Welcome.
Begin by finding a very comfortable spot to sit or lie down and just simply let your shoulders hang.
If you're holding any tension in your abdomen or your pelvic floor,
Just experiment with releasing that tension.
Perhaps telling yourself it's safe to relax.
Give yourself that space and gentleness.
Become aware of any sensations at the points of contact with whatever you're sitting or lying on and just take three deep breaths and we'll do that together.
So breathe in 1 2 3 and out 2 3 4.
Again breathe in 1 2 3 and breathe out 1 2 3 4.
One more time.
Breathe in 1 2 3 4 and hold it for just a moment and breathe out 1 2 3 4 5.
And as you do this,
Breathing naturally now,
Put your attention on what it feels like to take these breaths.
With your natural normal breath,
Become aware of the sensations in your throat,
Your abdomen,
As it rises and falls.
Perhaps sensations at your nostrils or in your nose.
Temperature,
Pressure,
Tingling.
And as you breathe,
Notice what's the impact on the state of your body.

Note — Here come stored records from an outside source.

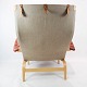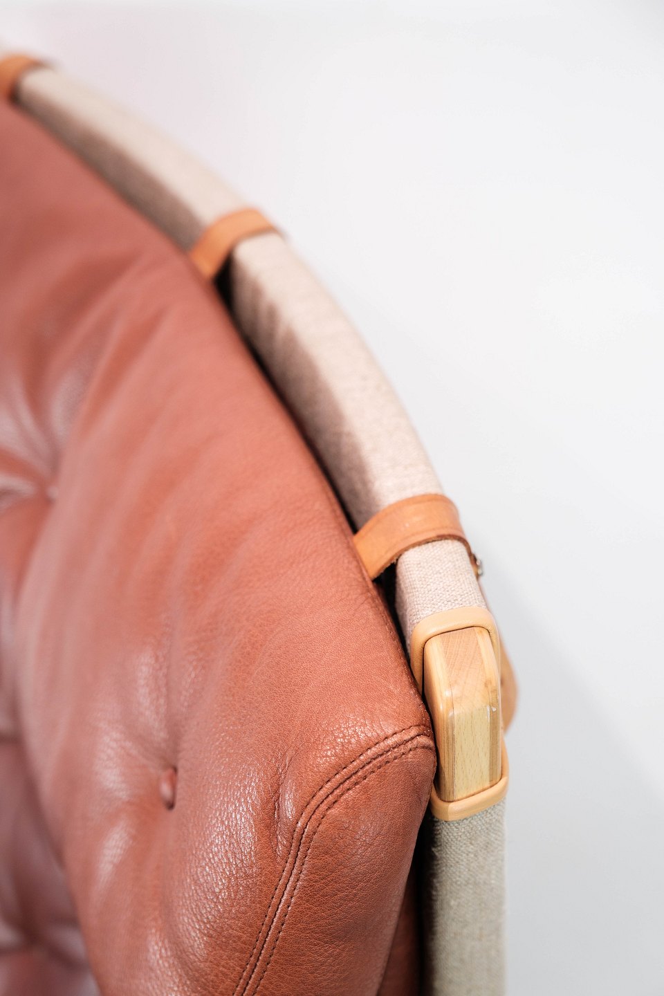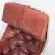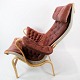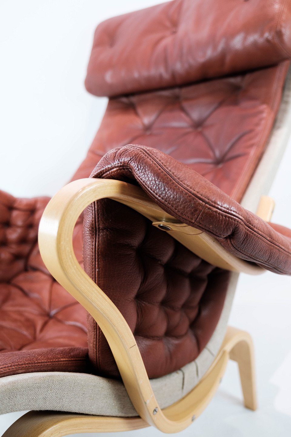 Pernilla easy chair with stool of beech and upholstered with red leather designed by Bruno Mathsson and manufactured by Dux in the 1970s.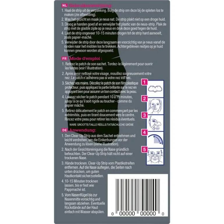 Stap 5: Verwijder de strip door deze langzaam en voorzichtig van je neus vanaf de randen naar het midden los te trekken. Achtergebleven restjes op je huid kunnen gewoon worden afgespoeld.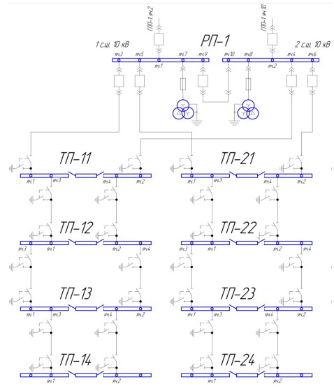 Also, the structure of the distribution network can be of a ring configuration. In this case, a chain of sequentially connected TP is powered from one section of the distribution point tires and the second end is connected to the other section of the RP tires. In normal mode, the ring has a gap on any TP in the chain. This gap is necessary to ensure the selectivity of the protections and for the separate operation of each part of the circuit. This scheme is used for consumers of the third category. Therefore, the main two-beam configuration has priority when choosing a scheme in the projected urban power supply systems.

See if you can lean into releasing tension as you let the breath out.
More deeply relaxing you each time you take a breath.

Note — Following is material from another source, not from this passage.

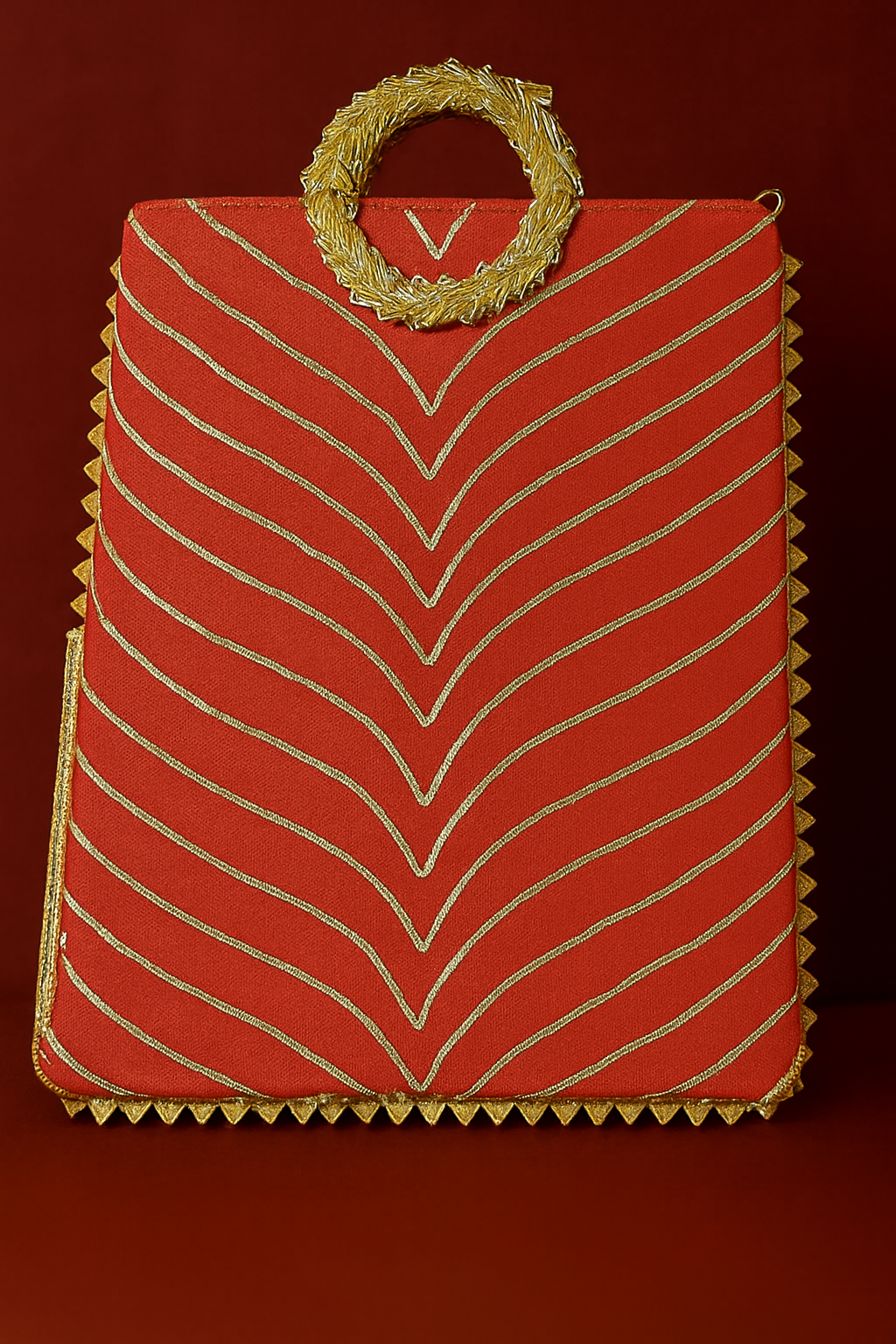 Carry celebration in every stitch. This handcrafted handbag blends traditional charm with festive sparkle. Featuring a bold square silhouette, shimmering wave-like silver embroidery, and a circular handle wrapped in glittering embellishments, it’s designed to stand out at every celebration. The zigzag trim adds a playful edge, while the compact size makes it perfect for gifting essentials or styling with ethnic wear.

If there are thoughts that arise in this process,
See if you can just greet those thoughts and say,
I'm listening.
I can hear you.
And put your attention on your sensations in your shoulders,
In your abdomen,
In the chest,
As you breathe naturally.
So the idea here is to welcome your thoughts instead of trying to suppress them or be in a conflict with your thoughts.
And now turn your attention in words to sensations you can notice in your abdomen.

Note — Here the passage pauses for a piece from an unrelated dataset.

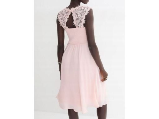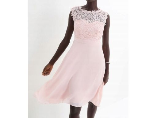 B.P.C jasnoróżowa sukienka z koronką szyfonowa PREMIUM ^50

So specifically there might be sensations in your solar plexus,
Right beneath your ribcage in the center of your abdomen,
Or perhaps a bit further down where your belly button is or below.
Turn your attention as much as possible to this area and again just greet whatever sensations that come up.
See if you can do this without judgment but with the attention you might give a child,
Someone you love.
If there are thoughts that are coming that's completely natural and okay.
See if you can just repeat the thought to yourself as a way of noting that thought.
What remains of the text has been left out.